- [Data section]
Segment Open

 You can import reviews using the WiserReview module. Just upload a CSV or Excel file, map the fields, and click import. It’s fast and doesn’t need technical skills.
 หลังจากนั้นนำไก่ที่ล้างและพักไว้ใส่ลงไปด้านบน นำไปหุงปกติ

Segment Closed
Segment Open

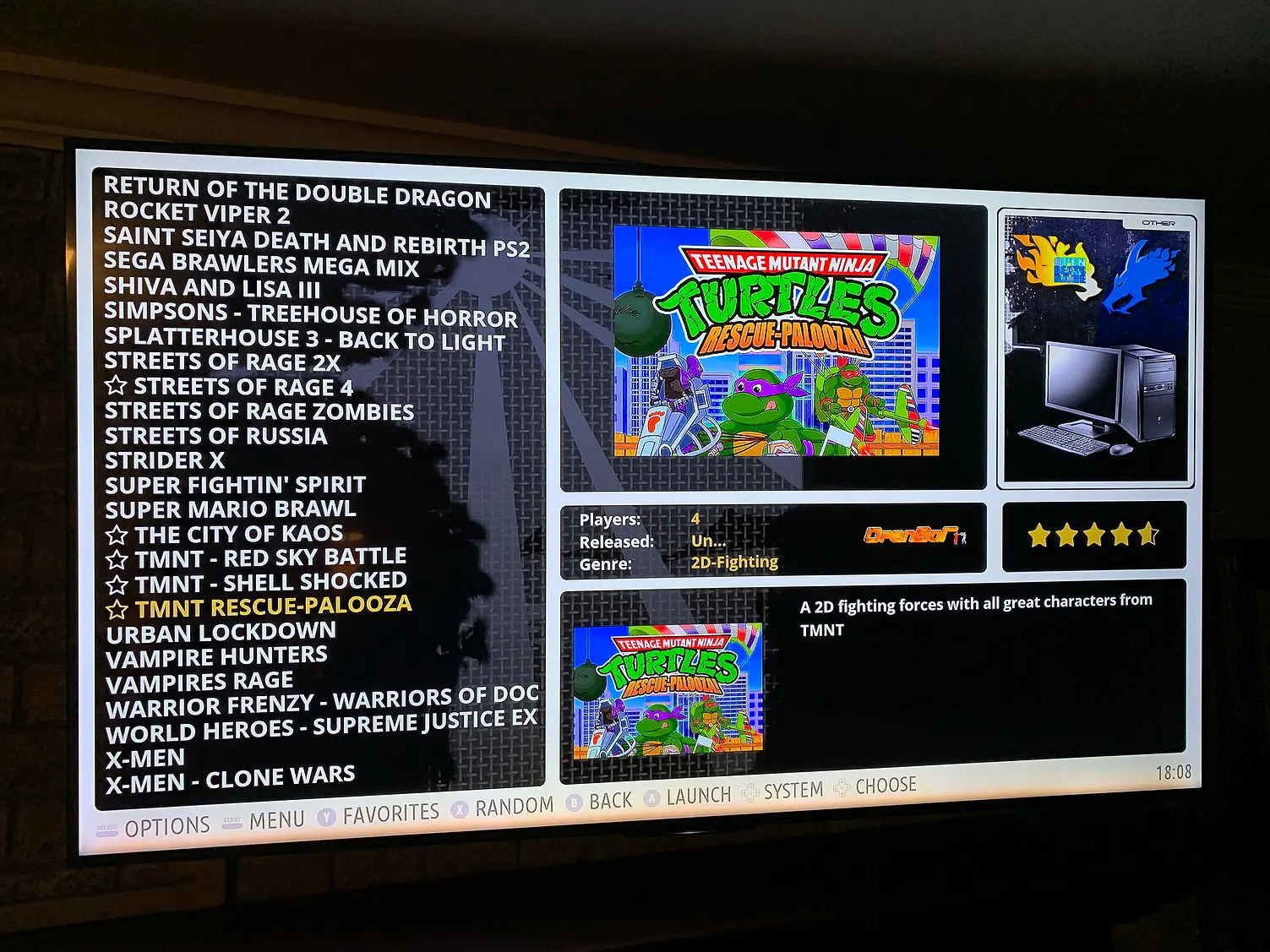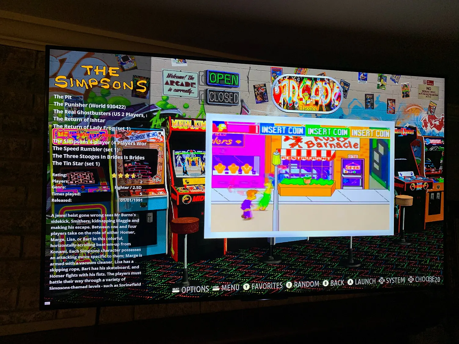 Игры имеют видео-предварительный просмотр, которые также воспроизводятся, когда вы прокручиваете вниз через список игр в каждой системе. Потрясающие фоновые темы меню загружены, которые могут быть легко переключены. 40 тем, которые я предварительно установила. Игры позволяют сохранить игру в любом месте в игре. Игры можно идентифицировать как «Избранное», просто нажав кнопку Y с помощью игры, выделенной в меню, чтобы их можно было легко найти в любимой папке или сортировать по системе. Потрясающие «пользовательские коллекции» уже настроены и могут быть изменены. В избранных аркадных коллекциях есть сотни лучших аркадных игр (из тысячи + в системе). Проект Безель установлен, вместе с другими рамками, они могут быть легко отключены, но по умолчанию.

Segment Closed

- [Task item] Set down, exactly as they appear above, all lines from the one that has "You can import" down to the one that has "หลังจากนั้นนำไ", including those two and no others.

- [Result for this task]
 You can import reviews using the WiserReview module. Just upload a CSV or Excel file, map the fields, and click import. It’s fast and doesn’t need technical skills.
 หลังจากนั้นนำไก่ที่ล้างและพักไว้ใส่ลงไปด้านบน นำไปหุงปกติ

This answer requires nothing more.